Your company has decided to build a PaaS-based cloud solution and you’ve been tasked with architecting it. You went through some online articles, read some books, and reviewed available reference architectures. It’s very likely that you are feeling a little bit overwhelmed.
You might be asking yourself how to get from a blank piece of paper to those complex systems you’ve just learned about. Let me share with you an approach that will help you with that.
Before I get to actual architecture, I want to spend a moment to stress the importance of adopting the right mindset before you start moving around those rectangles and arrows.
Many projects have faced troubles or even failed because the design decisions were made with a technology-focused mindset. Your design decisions shouldn’t be driven by technology popularity, desire to play with some shiny toys, or learning a new concept.
Every design decision should be driven by a business requirement. You should sit down with business to capture both, functional and non-functional requirements.
Functional requirements will allow you to architect your solution, so it does the right thing. They will also allow you to decompose by workload. When I say workload, I mean a specific capability or task which is separated from others. It is very common for different workloads to utilize different architectural concepts.
Non-functional requirements will allow you to complete your architecture by addressing aspects like availability, scalability, and costs.
Do you remember that feeling of being overwhelmed I’ve mentioned at the beginning? It comes from the fact that everyone is showcasing and describing final solutions.
But believe me when I say that no one has started there, and neither should you. You should select your first workload and focus on it.
How it can be designed in the PaaS model?
I’m going to assume that your first workload isn’t an edge case, which requires a special architecture approach. That all you need is the web-based frontend and some processing capabilities.
The simplest way to achieve that could be a single N-tier application hosted in Azure App Service, but that would be an oversimplification. You want to separate the layers, which will give you the freedom to further evolve your design.
So, the simplest, yet designed evolution approach would be to have a static fronted, an API, a queue, and a worker service.
The API will be receiving all client requests. Those which require a significant number of resources or have long-running nature will be offloaded to the worker through the queue (which will provide load balancing and load leveling).
To make this architecture a reality, we need to map it to the right PaaS managed services.
For the majority of components in this first workload architecture, there is more than one option when it comes to managed services we can choose from.
I won’t be able to go into all the nuances possible for every option, but I will focus on key questions and the most typical choices.
To choose the database, you must decide if you need a relational or non-relational one.
If your data will be highly normalized, you require and want to enforce the schema, you need high integrity and strong consistency, then you will need a relational database. If you do need a relational database, then the most typical choice will be Azure SQL Database.
If you can go for a non-relational database, you should look in the direction of Azure Cosmos DB.
When it comes to options for computing services on which you should place your worker, I would suggest Azure Functions or Azure Container Instances.

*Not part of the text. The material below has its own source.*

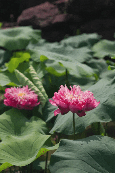 “连理莲”表现为两花独立开放,由侧芽分株生长时茎秆自然贴合或交织而成,形成“双茎双花”的独特景观。该现象可类比古书中描述的“连理枝”(树木枝条自然合生),象征爱情或亲情的紧密联结,有“永结同心”“忠贞不渝”的寓意。
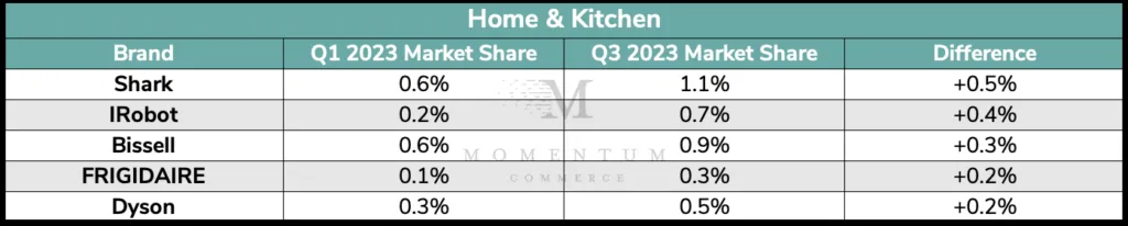 The data itself is drawn from Amazon-specific sales figures cataloged by independent, third-party sources from January 1, 2023 through September 30, 2023. To better illustrate more sustained market share growth, market share figures were averaged from the Q1 period (January through March), and then compared to the Q3 (July through September) average. Leaders are ranked based on the raw percentage point difference between the two periods.

If the processes are short-lived or fit Durable Functions orchestration, choose Azure Functions. Otherwise, go for Azure Container Instances which will give you PaaS hosting for containers.

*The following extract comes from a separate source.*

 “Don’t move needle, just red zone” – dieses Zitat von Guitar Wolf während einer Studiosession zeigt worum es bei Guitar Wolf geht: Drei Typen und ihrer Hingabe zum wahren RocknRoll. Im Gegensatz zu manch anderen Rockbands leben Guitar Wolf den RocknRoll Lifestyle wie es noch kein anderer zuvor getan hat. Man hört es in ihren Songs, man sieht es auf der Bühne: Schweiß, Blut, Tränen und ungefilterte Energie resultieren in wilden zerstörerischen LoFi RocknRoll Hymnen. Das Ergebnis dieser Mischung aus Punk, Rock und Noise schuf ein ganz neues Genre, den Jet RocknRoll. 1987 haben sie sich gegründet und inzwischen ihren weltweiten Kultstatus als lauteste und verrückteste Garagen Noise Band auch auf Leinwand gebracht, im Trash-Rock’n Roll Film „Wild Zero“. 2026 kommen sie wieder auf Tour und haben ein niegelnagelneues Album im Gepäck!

One more place where you will need to choose between two options is the queue.
Azure Service Bus provides more sophisticated capabilities like sessions, transactions, duplicate detection, and dead-lettering. This makes it the typical choice.
But if you don’t need any of those capabilities, Azure Queue Storage can be a simpler alternative.
The approach I would recommend for the last two components is placing API on Azure Functions and hosting the static frontend in blob storage.
The design of your workload now has the services to do the right thing, now you must ensure it does those things well.
If you have gathered the nonfunctional requirements, you probably have a long list to satisfy with the most common one being:
That list starts with SLAs and SLOs around availability and performance. If you go to specific managed services documentation, you will see their numbers there.
For example, the monthly availability for Cosmos DB is 99.99% without availability zones, 99.995% with availability zones, and 99.999% for multiple regions configuration. Based on input from your business you will know which option to choose. Similar consideration goes for latency.
If the requirements are beyond what service provides out of the box, you will have to adjust your architecture for example by introducing Azure Cache for Redis in front of the database and Azure CDN for your static content.
Of course, all the options described above have consequences and those consequences usually come in form of higher costs.
If you are adding more services to your design, you are increasing the price for the entire system. If you are choosing deployment options that provide higher availability, the monthly price for that service will be higher.
Business should provide you with costs requirements as well. To validate your design against them, you can use Azure Pricing Calculator. It will estimate your monthly costs based on the types of resources and foreseen consumption.
In case when the estimated cost is too high, you will have options to adjust or go back to the business discussions.
Now you can grow your design by adding more workloads. For every one of those workloads, you will have to make the same decisions to ensure that each one of them utilizes the cloud in the right way.
I don’t know if you have noticed, but your architecture is becoming quite complex. It might be time to visualize it better. Here I would strongly suggest the C4 model.
In this model, every one of your workloads can be represented through the separate component diagram, while the container diagram will give you an overview of all workloads. This will allow you to assess the current solution as a whole and plan what is next.
The pattern I’ve shown you is very flexible.
So flexible, that it will be able to handle things it shouldn’t. You need to keep that in mind, so you won’t fall into the one-size-fits-all trap. There will be workloads that will have special needs and there are special architecture styles waiting to be used in such cases.
If you are facing the challenge of analysis and reporting over huge data sets, you should look at big data solutions.
If you are going to run simulations or modeling, you may need to apply a high-performance computing approach.
If you have an IoT workload in your solution, you will want to look at an event-driven approach, which is great for processing a large volume of data at very low latency or when you want to perform different types of processing on the same event.
Always make sure you are using the right style for the job.
I’ve shown you how you can approach designing your solution, but the job of cloud architect doesn’t end with the first diagram.
As much as being agile and embracing DevOps practices is crucial for solution delivery, it’s also crucial to have an agile approach to its architecture.
You need to constantly reevaluate your decisions, make adjustments, and adapt to changing conditions.
The quality of your initial design will have as much impact on the project’s success as your capability to evolve it over time.